# im new and want to see your horses...



## aerogeek (Dec 25, 2006)

Here's my boy: a registered American Saddlebred named Spanish Gallion. aka Gally


----------



## KaylaJoAndBessTheBeast (Aug 16, 2009)

Here is my 2yr. old Belgian x Standardbred filly. Her name is Bess. 

http://i307.photobucket.com/albums/nn287/kaylawright_2011/2009_0613BessandJojo0002-1.jpg

http://i307.photobucket.com/albums/nn287/kaylawright_2011/2009_0613BessandJojo0003.jpg


----------



## Rissa (Feb 10, 2009)

This is Ethan my 14 year old Saddlebred cross.



















This is Eric. My newly acquired semi-rescue twelve year old Saddlebred. I have only had him for one weeks so I don't have any good photos of him.
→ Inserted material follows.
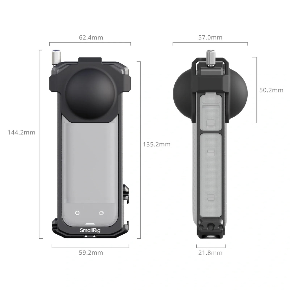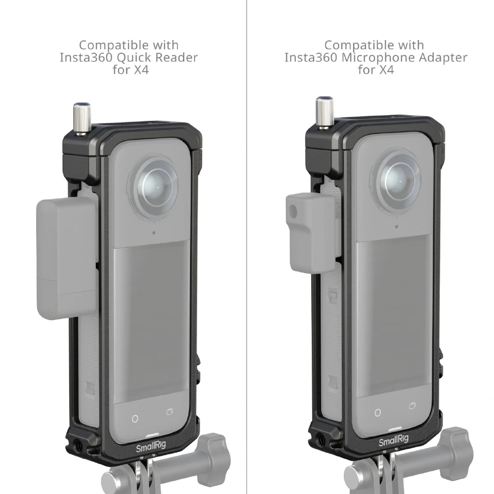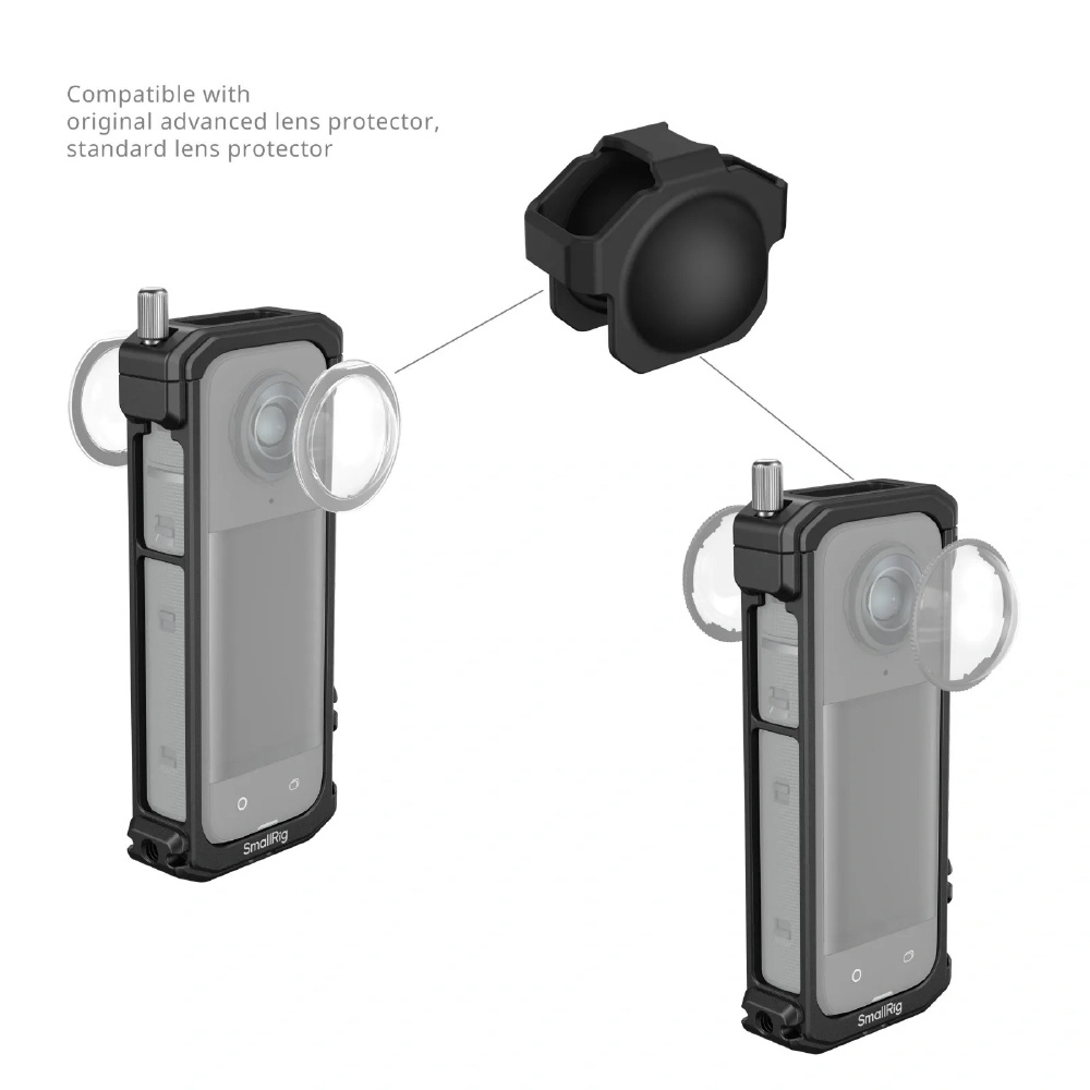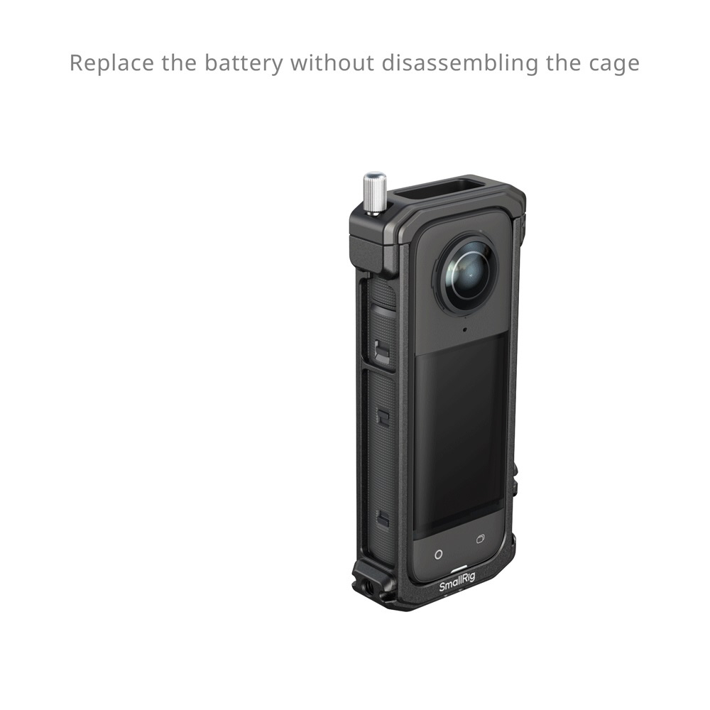 SmallRig Insta360 X4用ケージ4278は、カメラの保護と様々なインターフェース拡張アクセサリーを提供し、撮影時の利便性を向上させます。サイドギャップデザインを採用したケージは、バッテリードアへのアクセスを妨げないため、ケージを分解することなく素早くバッテリーを交換することができます。ケージはアクションカメラにぴったりとフィットし、カメラ本体に傷がつかないように内側にシリコンパッドが付いています。カメラは上部からケージに入れ、蝶ネジで固定するため、取り付けに工具は必要ありません。ケージにはコールドシューマウントと、マイクやLEDビデオライトなどの撮影アクセサリーを取り付けるための1/4”-20ねじれ防止ネジ穴が側面に付いています。また、1/4”-20ネジの三脚や自撮り棒(4758)などを直接取り付けるための1/4”-20ネジ穴も備えています。収納時にレンズを保護するシリコン製レンズキャップ付き。
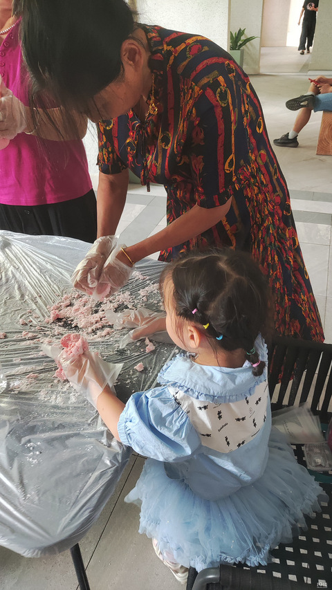 小区组织做冰皮月饼,带娃去了,没想到是要自己揉粉的,马上喊上婆婆,西瓜味冰皮月饼,里面有榴莲馅,紫薯馅,莲蓉馅等。娃也参加进来,可能在幼儿园做过月饼了,也还能认真做着。

This is Keegan. I do not own him, I am however his photographer. He is owned by Emily Jewell, of Trails End Ranch. I am kind of like his Internet Public Relations Manager, so here is a few of Keegan. Keegan is a six year old Friesian stallion sired by Jorrit 363.


----------



## boxer (Feb 20, 2009)

Here is my QHx ASH mare Lena, where abouts in Aus are you? I'm in South West NSW


----------



## my2geldings (Feb 18, 2008)

*Rejoice, the attack of the mini*

Here is my BIG warmblood. She stands a full whopping 33 inches :lol:

She's a registered Miniature Pony.




















This is her with her buddy who happens to be another paint. They are in the starvation pen...tho as you can see there is a reason why she is there :lol:


----------



## CowGirlUp9448 (Nov 23, 2007)

This is my 7 year old Paint mare, Dancing In The Rain 










This is my Registered Mini, Fortora Farms Grey Arrow. 16 month old stud colt 










And them together hehe


----------



## Dressage10135 (Feb 11, 2009)

This is my girl Ellie. I bought her two weeks ago and I love her! She is a 19 year old thoroughbred mare and stands 16.1hh tall.


----------



## APHA MOMMA (Jul 10, 2009)

This is my APHA breeding stock gelding Scout, he is 2 yrs old and my sweety. I don't use him for anything special except for being my friend and trail rides more when he is of age.


----------



## Visibre (Jul 14, 2009)

My 1 year old shetlander welsh cross Breezer









my 14 year old welsh mare, Silke, also the mother of Breezer









my 7 year old dutch warmblood mare, Vienna








(I love my horses so much )


----------



## paintluver (Apr 5, 2007)

I have 2 geldings! 
This is Romeo. He is my gaming horse. I got him March 16, 2008. He is a grade QH. He is 13 y/o
























And this is Pinto Bean. He is a grade Paint gelding. I got him last month. I am retraining him, and hopefully will be showing him next year. (I want to do pleasure and halter classes with him...)he is 5 y/o


----------



## PaintsTheWorld (Apr 24, 2009)

*Here are my two*

Hi, this is my APHA Rudy. he is two and a half and in training right now. He is also for sale. He has two blue eyes with eye liner =)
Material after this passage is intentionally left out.